RECORDS SHOWN:
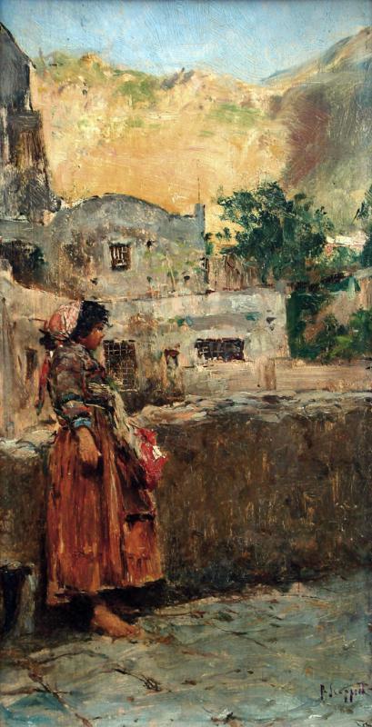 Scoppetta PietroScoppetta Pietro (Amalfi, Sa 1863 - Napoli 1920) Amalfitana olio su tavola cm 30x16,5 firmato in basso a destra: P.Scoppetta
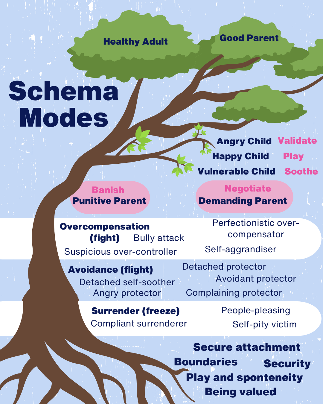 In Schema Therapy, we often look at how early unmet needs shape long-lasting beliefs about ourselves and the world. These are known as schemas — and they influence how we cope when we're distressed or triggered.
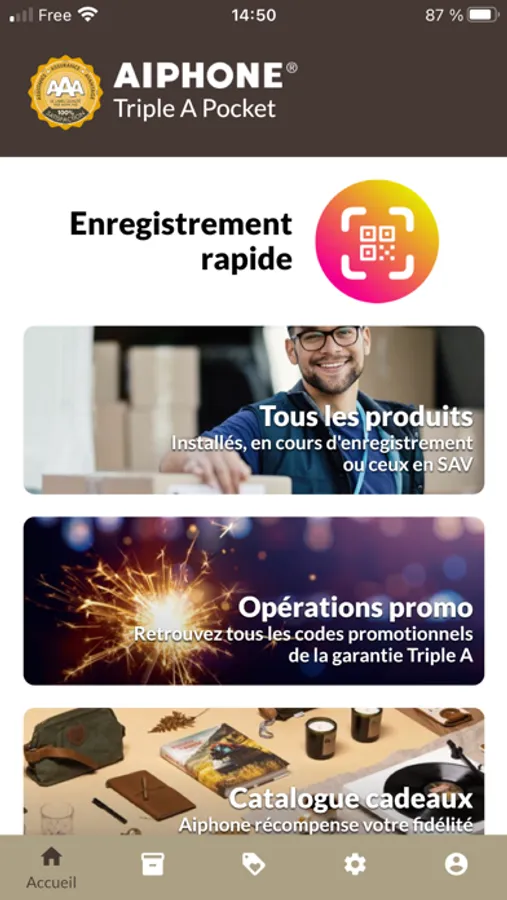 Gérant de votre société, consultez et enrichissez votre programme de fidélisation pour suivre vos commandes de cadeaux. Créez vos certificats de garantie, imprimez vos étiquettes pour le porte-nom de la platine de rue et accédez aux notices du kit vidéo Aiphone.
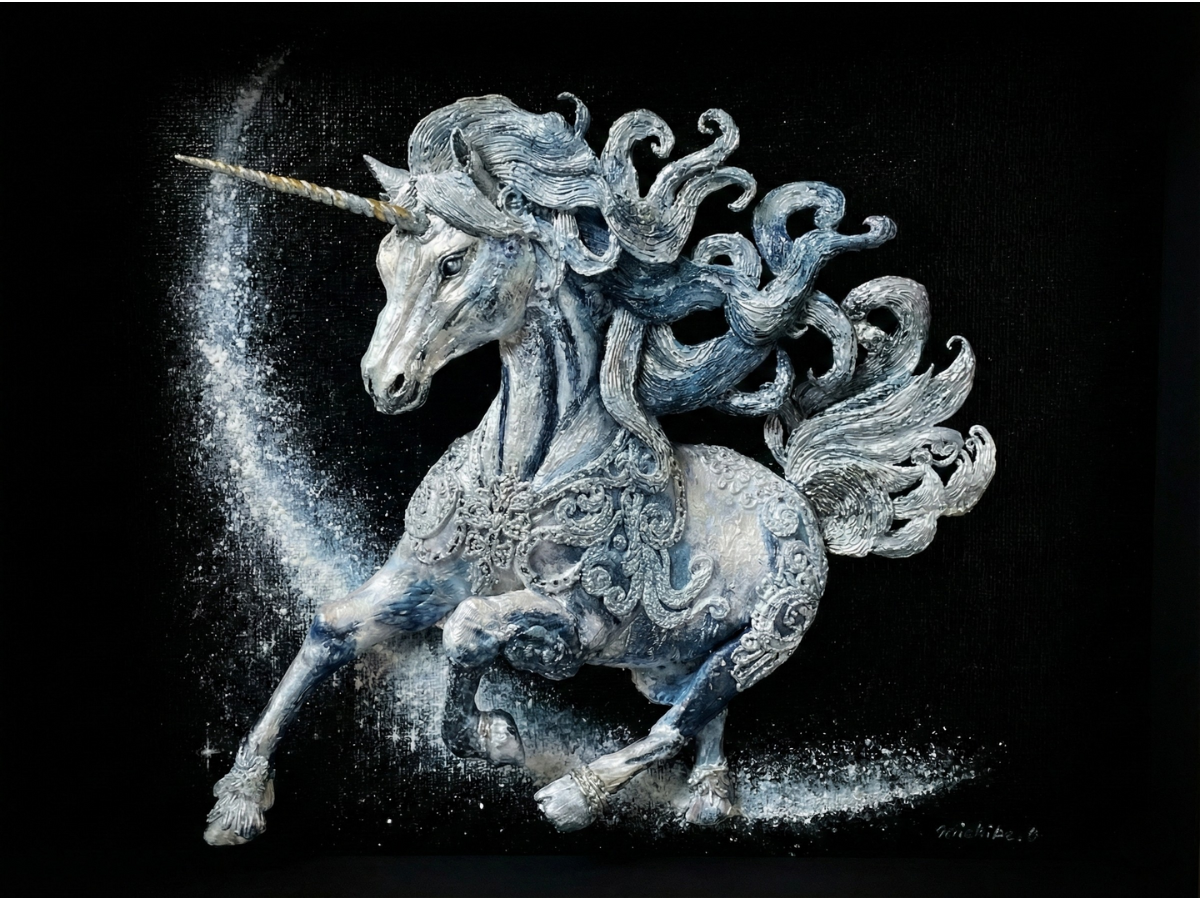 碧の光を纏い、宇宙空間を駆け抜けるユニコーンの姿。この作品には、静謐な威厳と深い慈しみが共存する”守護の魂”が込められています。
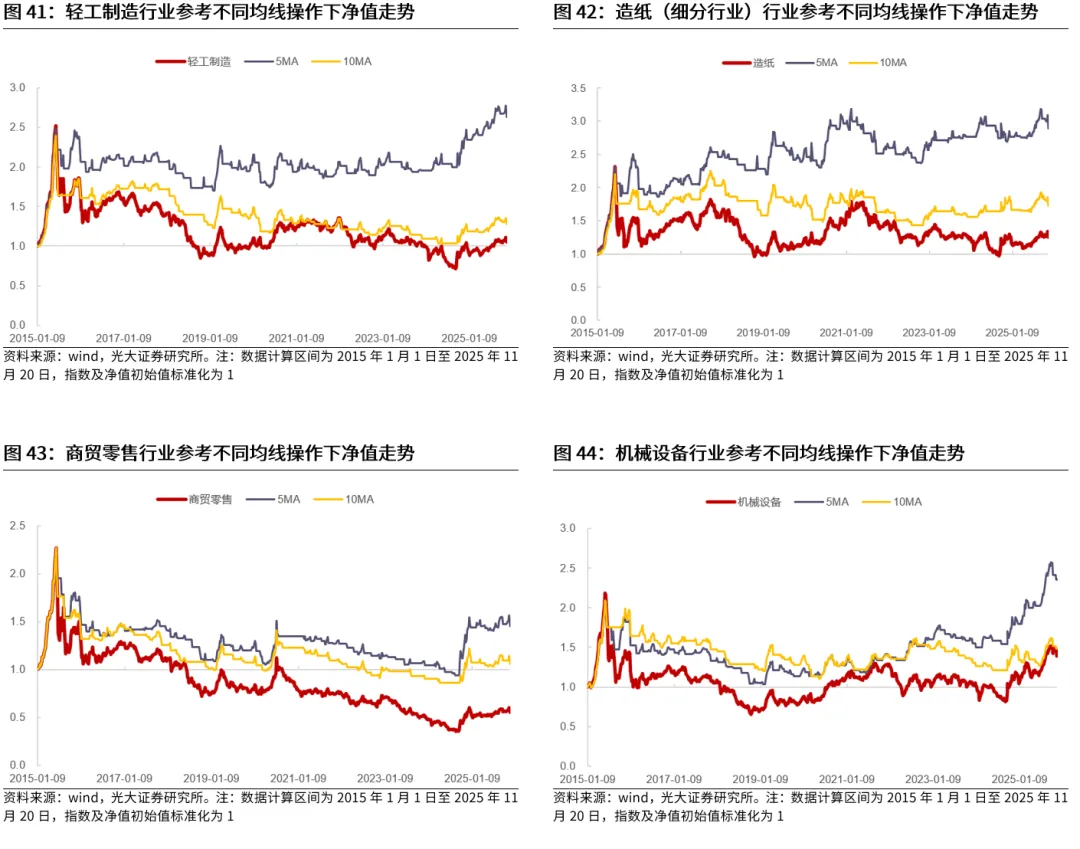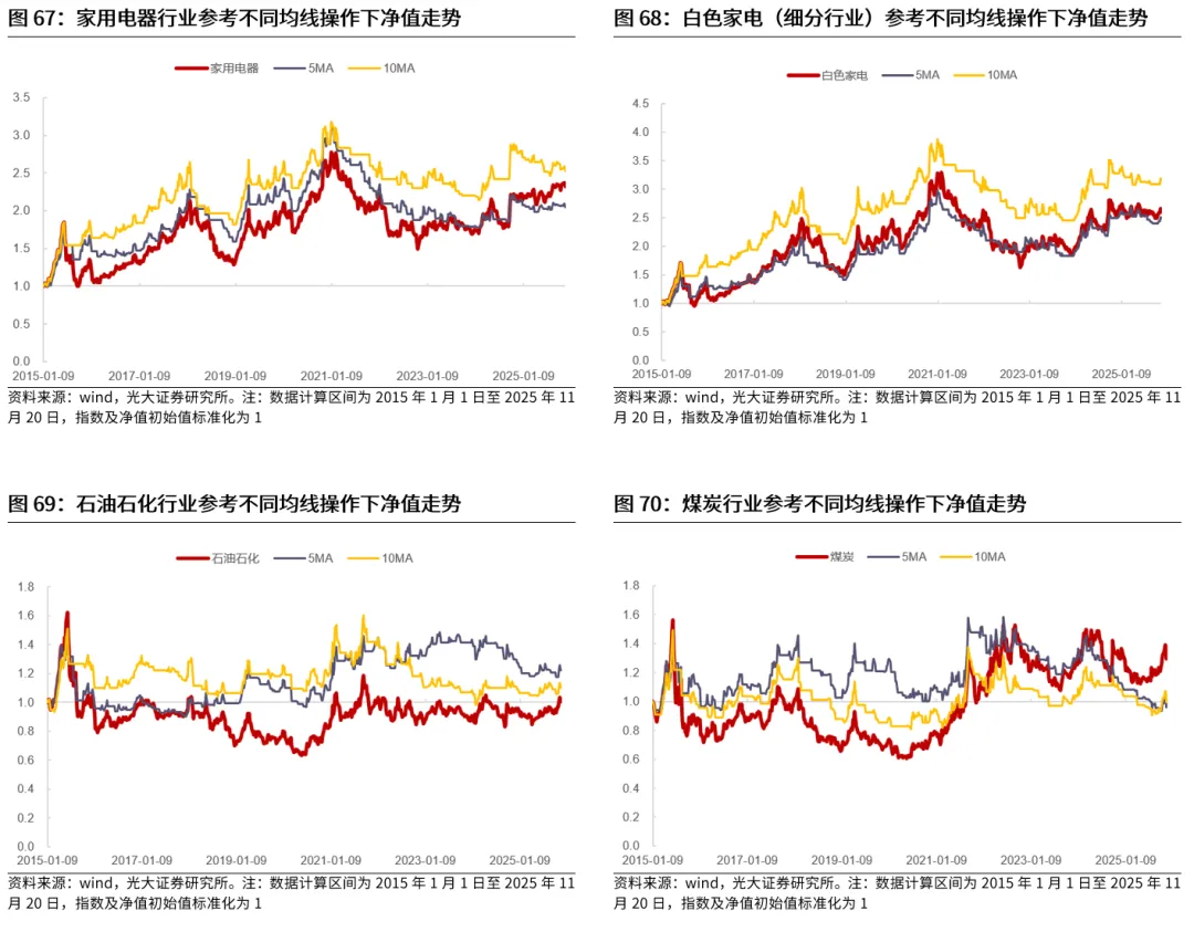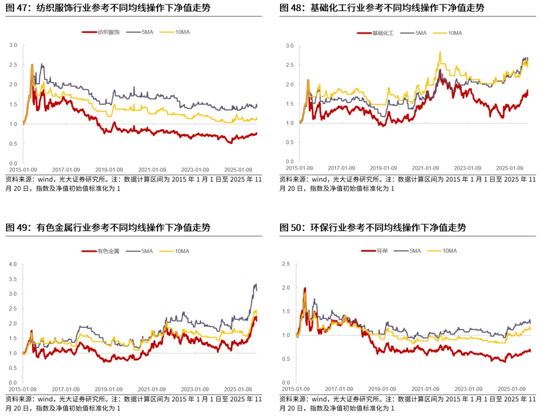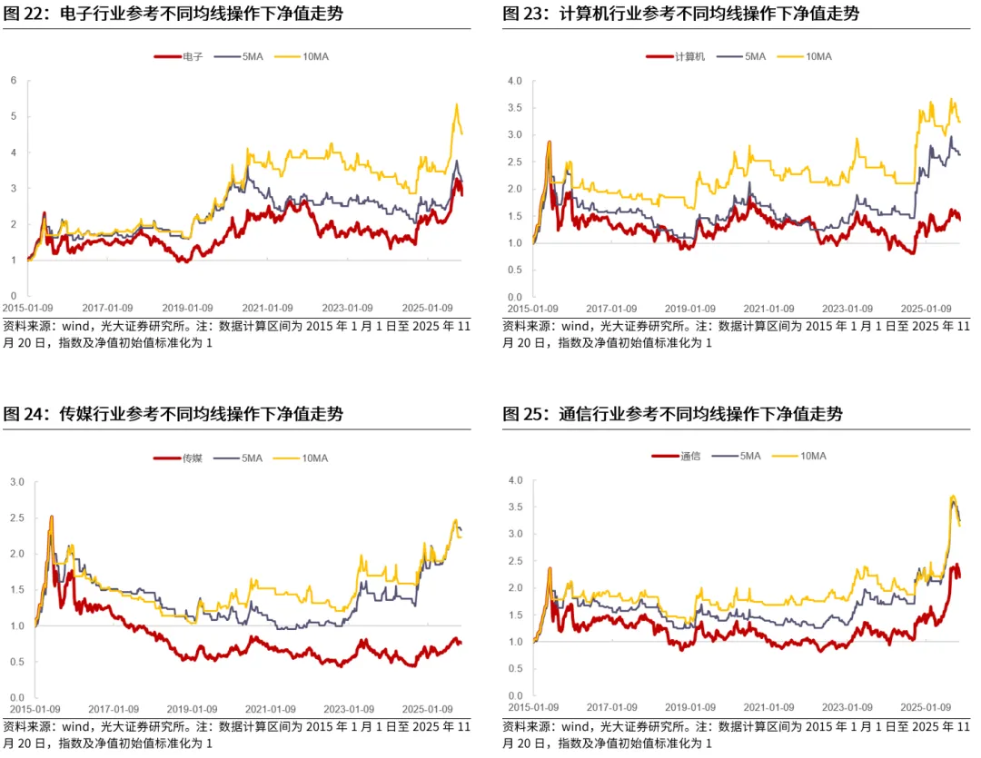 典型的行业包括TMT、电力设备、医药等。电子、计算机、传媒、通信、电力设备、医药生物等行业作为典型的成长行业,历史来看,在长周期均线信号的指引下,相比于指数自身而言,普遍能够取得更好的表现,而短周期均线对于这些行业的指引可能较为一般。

EXERCISE REQUIREMENTS:
Pictures omitted, give the entries again exactly.

WRITTEN REPLY:
 Scoppetta PietroScoppetta Pietro (Amalfi, Sa 1863 - Napoli 1920) Amalfitana olio su tavola cm 30x16,5 firmato in basso a destra: P.Scoppetta
 In Schema Therapy, we often look at how early unmet needs shape long-lasting beliefs about ourselves and the world. These are known as schemas — and they influence how we cope when we're distressed or triggered.
 Gérant de votre société, consultez et enrichissez votre programme de fidélisation pour suivre vos commandes de cadeaux. Créez vos certificats de garantie, imprimez vos étiquettes pour le porte-nom de la platine de rue et accédez aux notices du kit vidéo Aiphone.
 碧の光を纏い、宇宙空間を駆け抜けるユニコーンの姿。この作品には、静謐な威厳と深い慈しみが共存する”守護の魂”が込められています。
 典型的行业包括TMT、电力设备、医药等。电子、计算机、传媒、通信、电力设备、医药生物等行业作为典型的成长行业,历史来看,在长周期均线信号的指引下,相比于指数自身而言,普遍能够取得更好的表现,而短周期均线对于这些行业的指引可能较为一般。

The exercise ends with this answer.